Let me implement this in SequenceableCollection for the sake of simplicity:

nextCombination09
    | j |
    j := self findLast: [:ai | ai < 9] ifAbsent: [^nil].
    j + 1 to: self size do: [:i | self at: i put: 0].
    self at: j put: (self at: j) + 1

The idea is the following: Use the lexicographic order to sort all combinations. In other words:

(a1, ..., an) < (b1, ..., bn)

if ai = bi for all i below some index j where aj < bj.

With this order the first combination is (0, ..., 0) and the last one (9, ..., 9).

Moreover, given a combination (a1, ..., an) the next one in this order is the one that adds 1 to the lowest preeminent index, this is the last index j where aj < 9. For example the next to (2, 3, 8, 9) is (2, 3, 9, 9) as there can't be anything in between.

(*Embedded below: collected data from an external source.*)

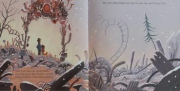 Inspired by Thyra Heder’s own Arctic visit, this truly impressive book really does, in comparatively few well-chosen words and stunning watercolour scenes in icy blue, grey and green shades shades, paint a breathtaking world while at the same time one hopes, sparking the imagination and engendering a fascination for wild places with their amazing flora and fauna. A delight through and through.
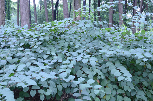 虎杖是一种原产我国入侵到国外的植物,19世纪50年代被作为观赏植物引入英国,之后蔓延成灾,影响了英国本土植物的生长。它的生命力极强,只需一个月就可长到1米高,最终可以长到3米高。其根系穿透能力强,能够从水泥板或砖缝中钻出来并依靠强壮根系把裂缝撑大,最终对建筑物造成破坏。其根系既可深入地下,又可横向扩散,难以拔干净,而未拔干净的根系可在土壤中潜伏10年以上,遇到合适机会再继续生长。
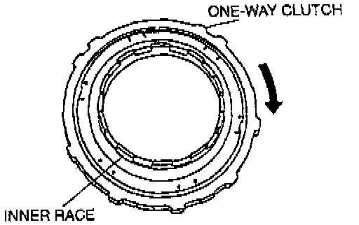 2. Install the inner race into the one-way clutch 2, and verify that the one-way clutch 2 turns smoothly and only clockwise. If the one-way clutch 2 turns or locks in both directions, replace the one-way clutch 2. If the one-way clutch 2 turns only counterclockwise, it is installed upside down.
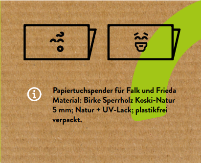Der Handtuchspender ist optimal geeignet für die Falthandtücher FRIEDA und FALK von Green Hygiene®. Diese Papierhandtücher sind bekannt für ihre Umweltfreundlichkeit, hergestellt aus 100% recyceltem Altpapier und zu 100% CO₂-neutralisiert.
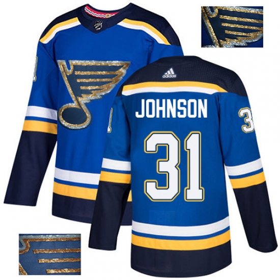 Men's Adidas St. Louis Blues #31 Chad Johnson Authentic Royal Blue Fashion Gold NHL Jersey
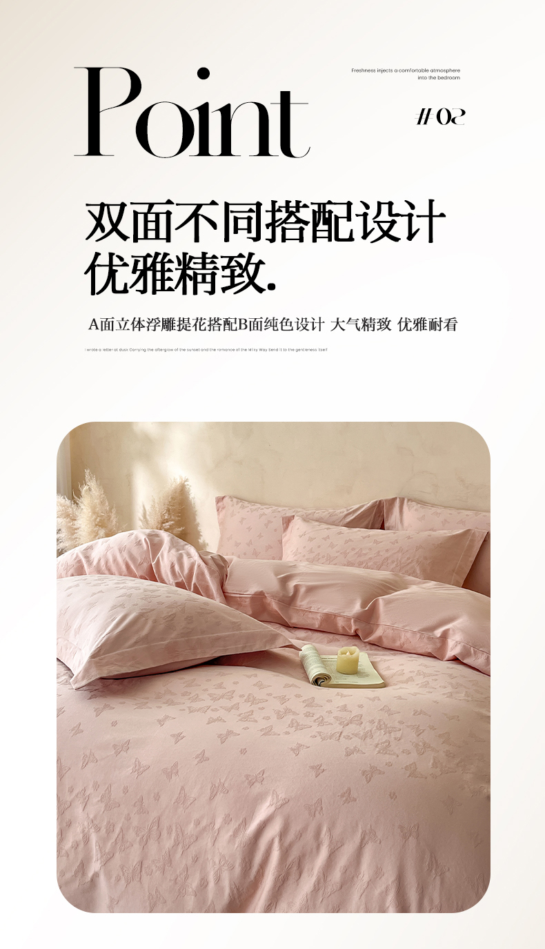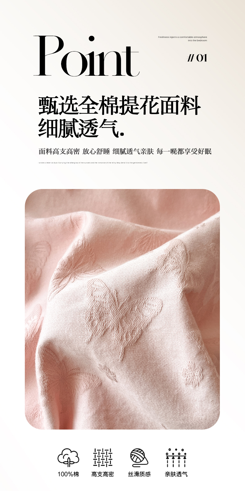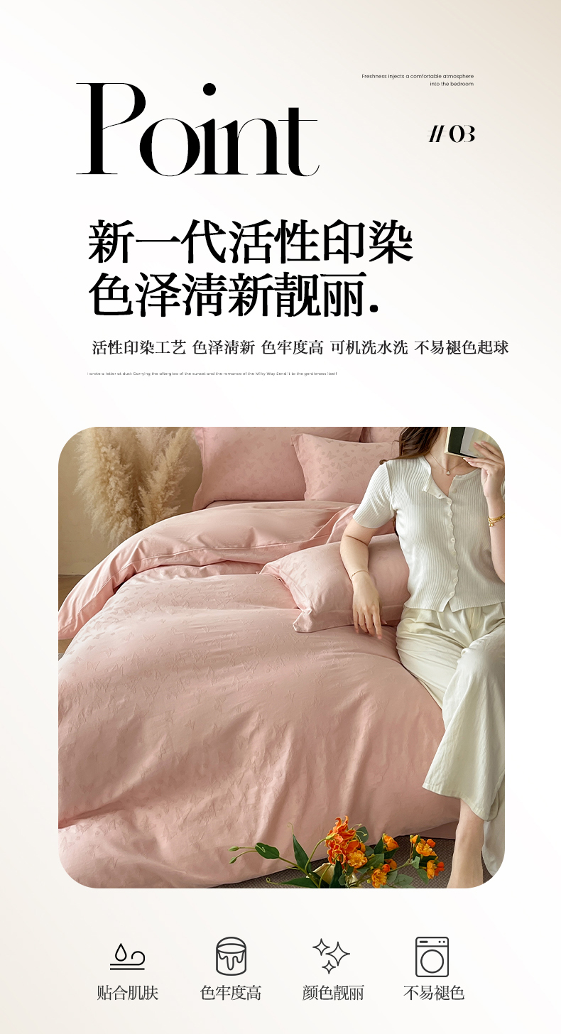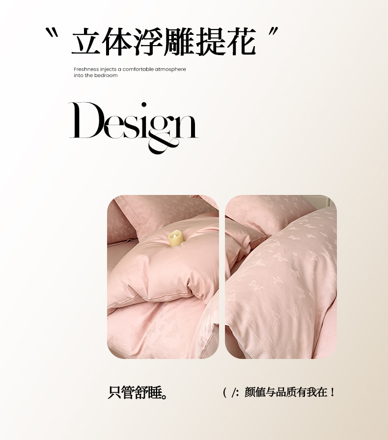 当前位置: 91家纺网 > 商品网购 > 床品套件 > 四件套 > 全棉普通四件套 > 火麒麟家纺 2026新款A类全棉纯棉水洗立体浮雕提花纯棉四件套 蝶愔之舞(唯美粉)
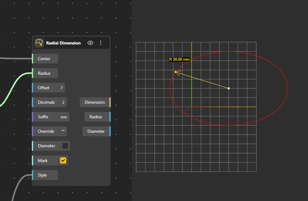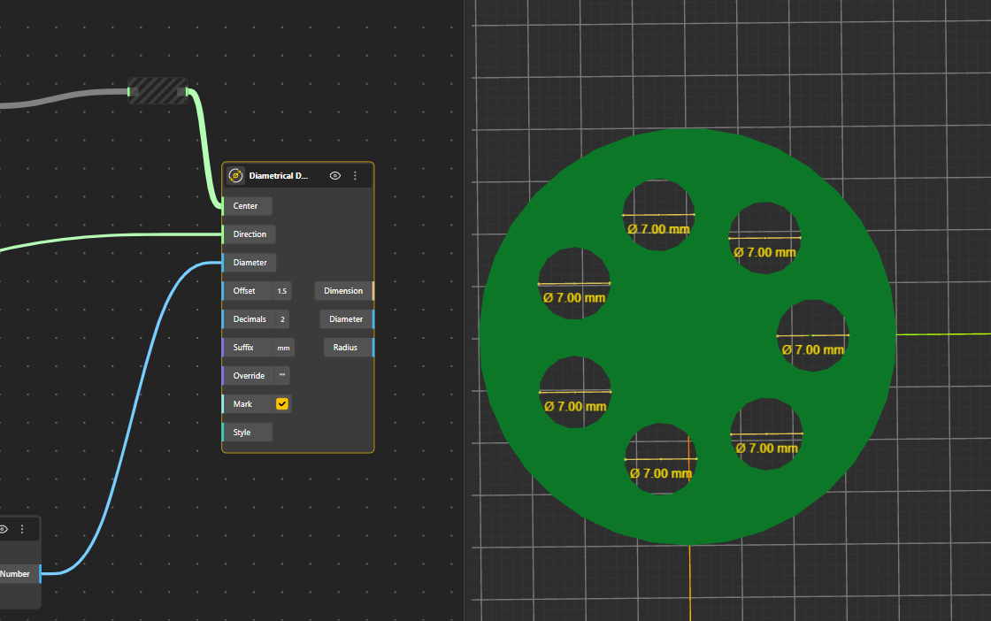The Diametrical Dimension node directly visualizes a diameter using a given direction from the center point. It draws a diameter line across the circle, optionally includes arrowheads, and can display a center mark. This node is useful when a diameter value is already known or controlled parametrically, while still needing to be clearly annotated in the viewport. Both diameter and radius values are made available as outputs.

Once we get to (9, ..., 9) we are done, and answer with nil.

Be aware that the method above modifies the receiver, which is why we have to copy in the script below.

Here is the script that produces all combinations (n is your N)

  n := <whatever>
  array := Array new: n withAll: 0.
  combinations := OrderedCollection new: (10 raisedTo: n).
  [
    combinations add: array copy.
    array nextCombination09 notNil] whileTrue.
  ^combinations

---

ADDENDUM

The same technique can be used for other problems of similar nature.